● **Dataset excerpt**:
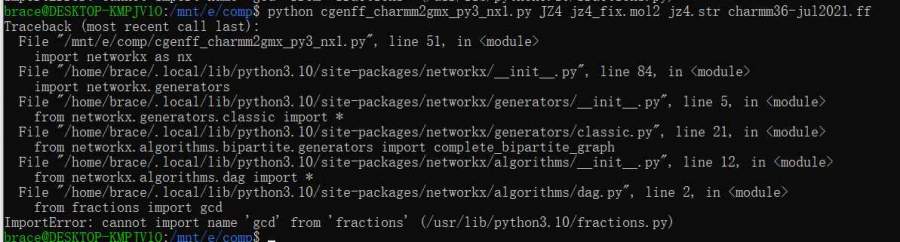 求大佬指点,gromacs小白,在官网跟着教程,熟悉复合物的流程中这一步做不下去一直报错。python的版本和networkx的版本和gromacs中使用的代码一致,不过我好像安装了两个python,cmd查找的python版本和gromacs上查的python版本不一致,但都是3.多,不知道会不会有影响。因为我net workx的版本和python的版本不只有一个,所以我从cgenff网站上把那些都下载了下来,一个版本一个版本对应着去尝试,结果还是报同样的错。 @smutao @oxox6085 发自小木虫Android客户端 |
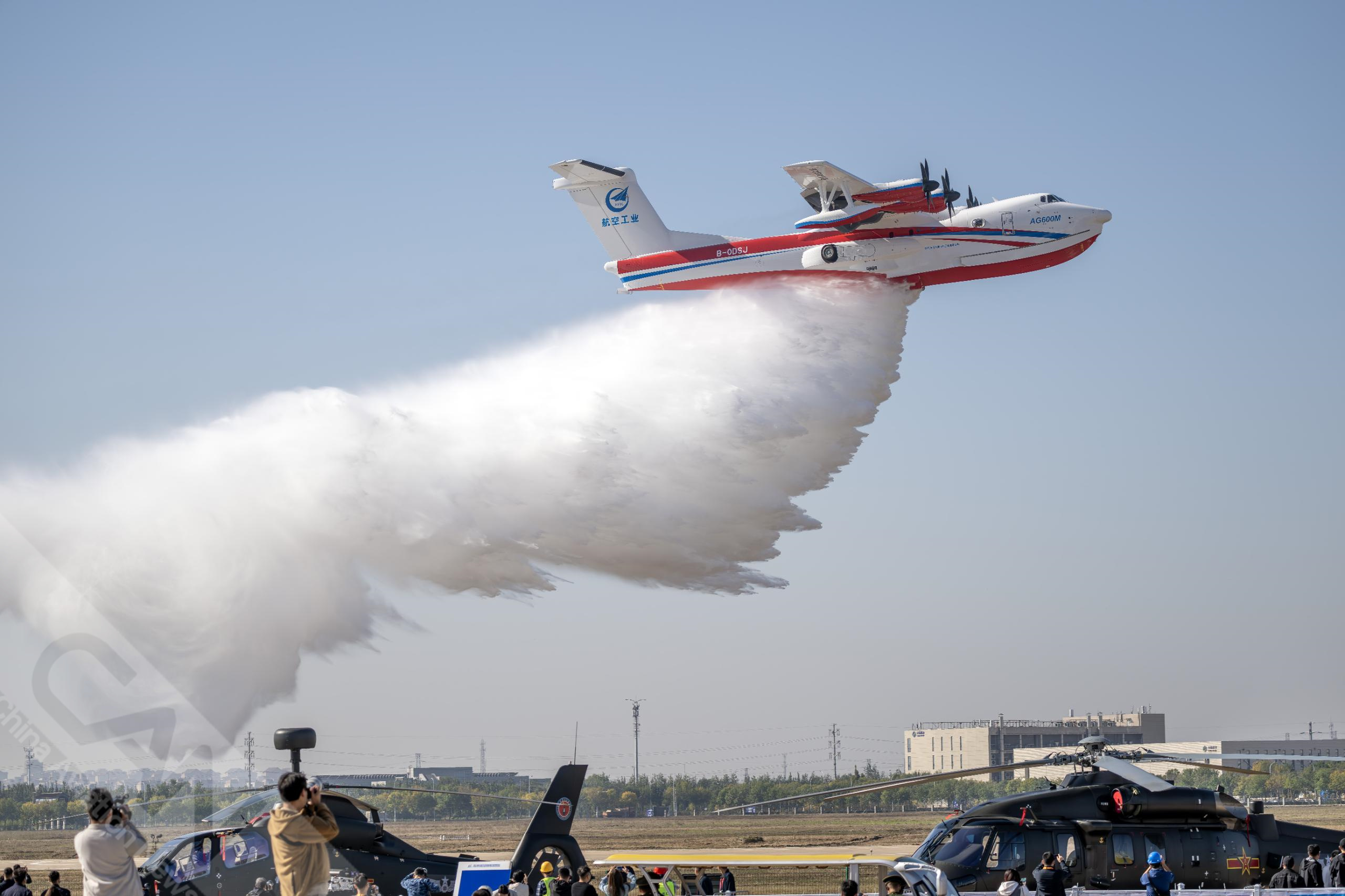 第七届天津直博会开幕,AG600M作为中国荣耀体育在线手机版(大中国区)集团低空经济领域产品代表亮相本届直博会,并进行投水表演。摄影:曹楠
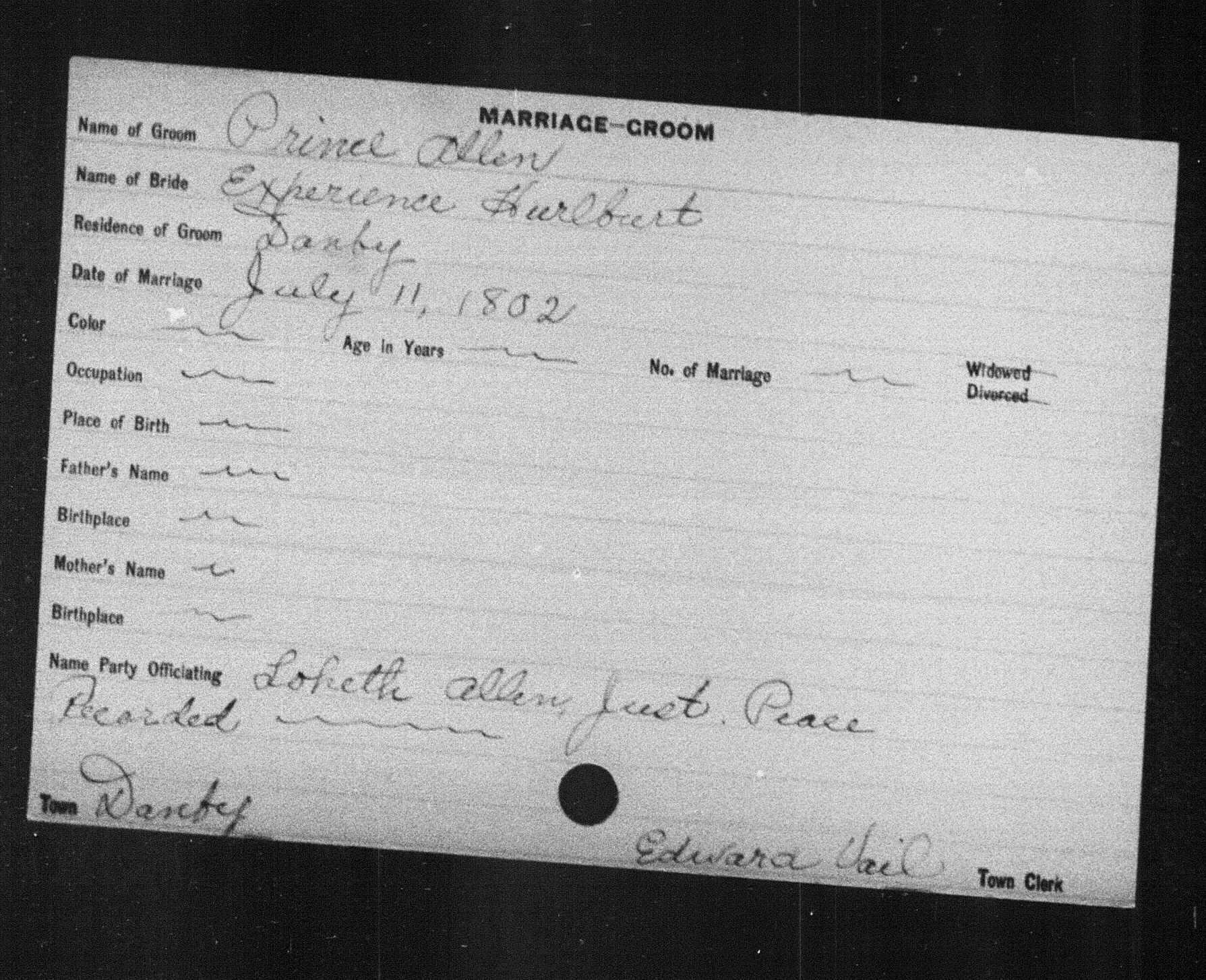 "Vermont Vital Records, 1760-1954," database with images, FamilySearch ( https://familysearch.org/ark:/61903/1:1:XFFL-YXK : 6 December 2014), Prince Allen and Experience Hurlburt, 11 Jul 1802, Marriage; State Capitol Building, Montpelier; FHL microfilm 27,459.

● **Aim of the exercise**:
What is needed is the listing above, repeated verbatim, without its images.

● **Answer to this exercise**:
 求大佬指点,gromacs小白,在官网跟着教程,熟悉复合物的流程中这一步做不下去一直报错。python的版本和networkx的版本和gromacs中使用的代码一致,不过我好像安装了两个python,cmd查找的python版本和gromacs上查的python版本不一致,但都是3.多,不知道会不会有影响。因为我net workx的版本和python的版本不只有一个,所以我从cgenff网站上把那些都下载了下来,一个版本一个版本对应着去尝试,结果还是报同样的错。 @smutao @oxox6085 发自小木虫Android客户端 |
 第七届天津直博会开幕,AG600M作为中国荣耀体育在线手机版(大中国区)集团低空经济领域产品代表亮相本届直博会,并进行投水表演。摄影:曹楠
 "Vermont Vital Records, 1760-1954," database with images, FamilySearch ( https://familysearch.org/ark:/61903/1:1:XFFL-YXK : 6 December 2014), Prince Allen and Experience Hurlburt, 11 Jul 1802, Marriage; State Capitol Building, Montpelier; FHL microfilm 27,459.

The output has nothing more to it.